I have both an Celeste/white Infinito with Ultegra 6700 and a re/white Sempre with the 105 mix I just got less than two weeks ago. I like the color schemes on both bikes. As I look at the pics of the new 2012 models, the celeste Infinito does look more like the Oltre's paint scheme for 2011. But look at the 2012 Oltre and it's like a stealth color gray. As far as the new Impulso's red color, well, I don't like that color red, although red is not an overall bad color, is it? I think it could have been more of a darker, shinier red than it is. I bought my Sempre with the 105 mix not only because of the price, but the black/red/white color. To be honest, I know that celeste is a traditional Bianchi color, and I understand their tradition and the meaning of the celeste, but sometimes I feel a little funny riding a celeste/white/black bike around town...at least here in the USA. I love the ride of the Infinito, but had it been available at the time in a different color, I would have opted differently that the celeste.

And, who here has ordered the special edition 2011 Infinito with SRAM in stealth gray? It looks like a very nicely built bike, but I've heard SRAM stuff is less than reliable. I heard that some of their components break down and wear out pretty quick.

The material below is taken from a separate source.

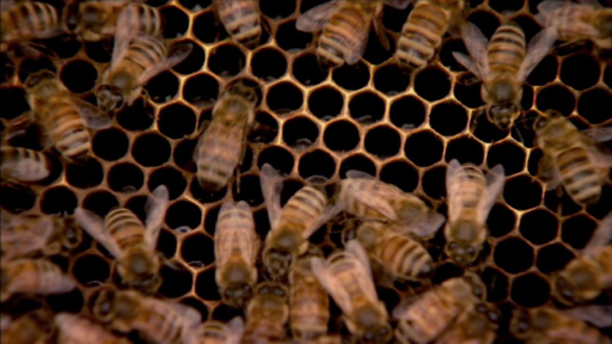 Marcus du Sautoy visits a bee-keeper and explores how bees create their honeycombs. If they are going to tessellate they have a limited number of regular polygons they could choose from, but the hexagon is the most efficient – giving the maximum storage area for the least amount of wax. In fact, the bees do not create hexagons, but circular cells which, as is shown using bubble arrays, pull together to make hexagons due to surface tension. This same principle is behind other polygon formations in the natural world too.
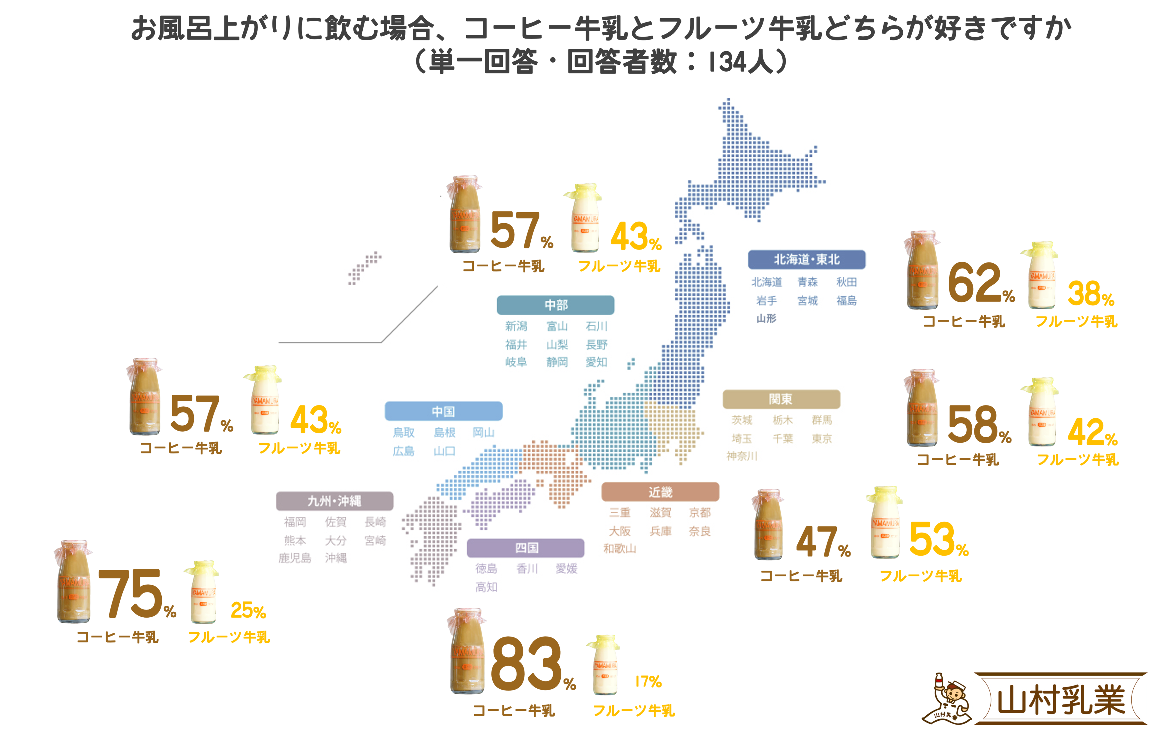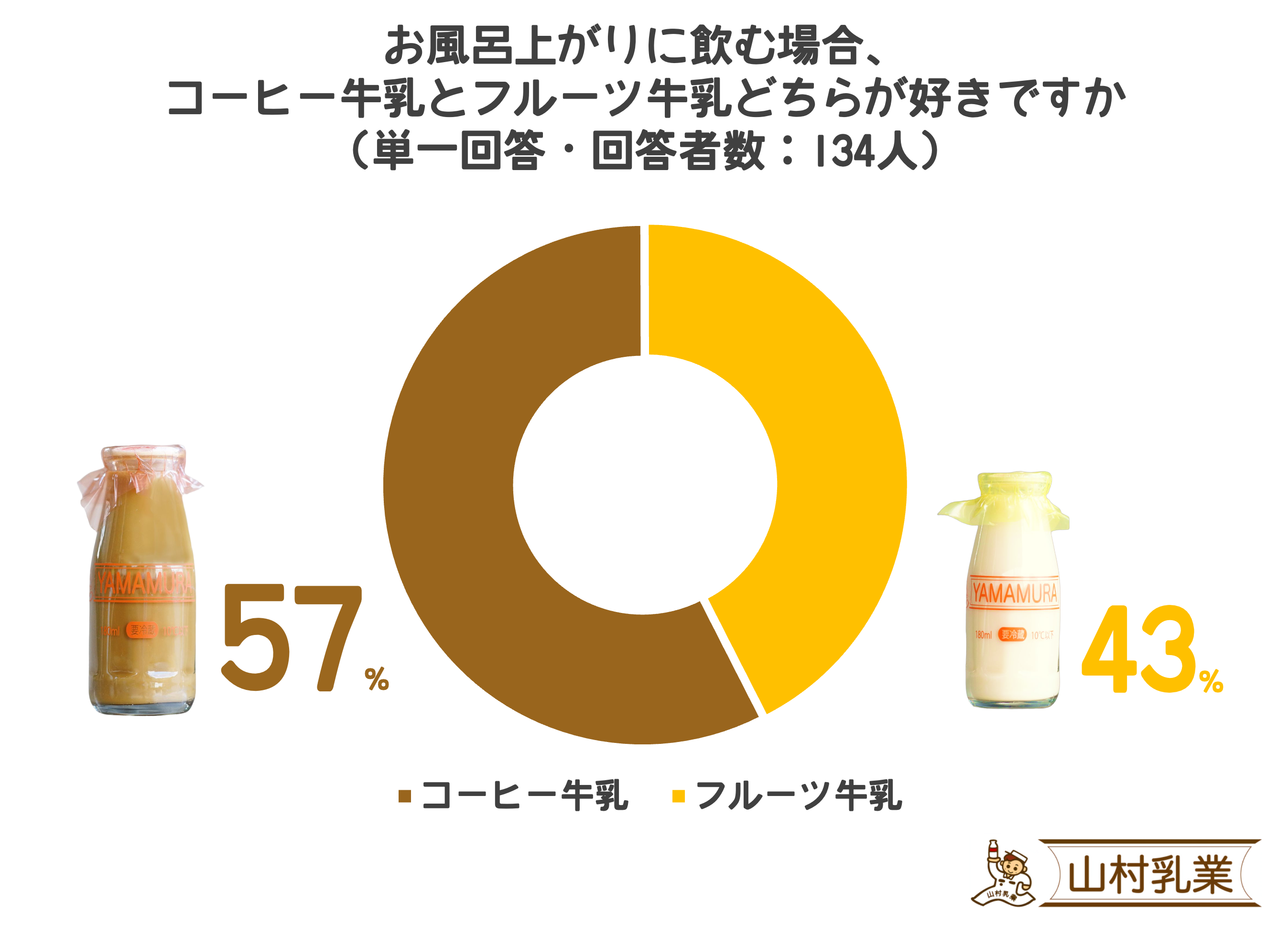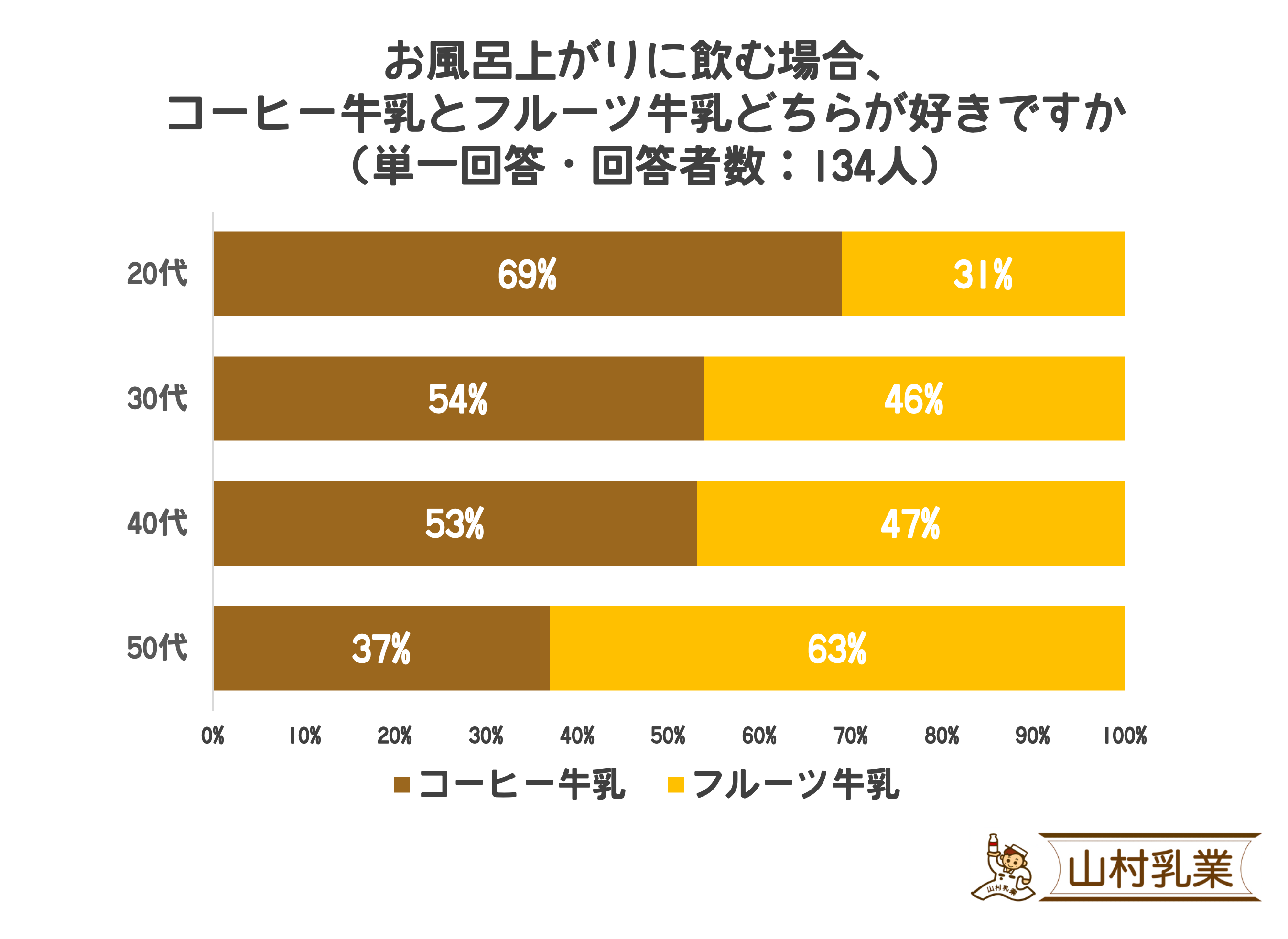 瓶入り乳製品の品数日本最多※、有限会社山村乳業(本社:三重県伊勢市大世古3丁目5-8、代表取締役:山村豊裕、以下弊社)は、乳飲料として長年親しまれてきたコーヒー牛乳とフルーツ牛乳について、どちらがより人気が高いのかを探るため、全国20代~50代の男女合計134人を対象に調査を行いました。銭湯や温泉での湯上がりの一杯としても人気の2種類の飲み物について、日本浴用剤工業会が制定した11月26日いい風呂の日を前に、その調査結果を発表いたします。

I've heard other riders say they like SRAM, but wish it was more reliable than it is. Any truth to that? $6300 seems like a lot of money to but a "special edition" Infinito with SRAM. I think the better option for that price would be to build your own bike with the components you want...and probably for less than $6300.


----------



## prspect06

As others have said, i'm not a fan of the seatpost graphics.


----------



## xizang2008

*Crono*

I'd really like to see Bianchi do something with the Crono Pico. I have an '09 and have a ton of miles on it. Its a great bike but it wasn't exactly cutting edge when it came out 3 years ago. Now it looks old-school. I have read that it will be the same for '12, just a different color. 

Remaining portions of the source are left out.